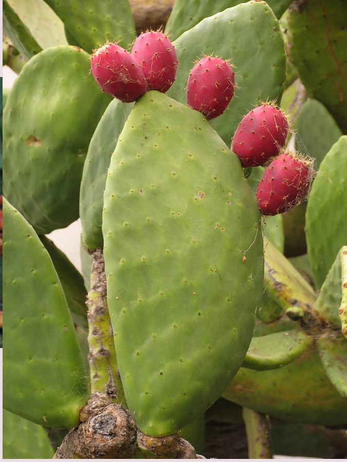
Mission Cactus Opuntia ficus-indica
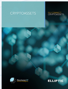
FIU CONNECT (Cryptoassets)

Individuals enrolled in the FCC certificate program are required to complete all six of the following courses with a grade above 80% for each courses:

════════════════════

§ **Aim of the task**
Could the data above be returned in full, exactly, with every image left out?

§ **Answer for the task**
Mission Cactus Opuntia ficus-indica
FIU CONNECT (Cryptoassets)

Individuals enrolled in the FCC certificate program are required to complete all six of the following courses with a grade above 80% for each courses:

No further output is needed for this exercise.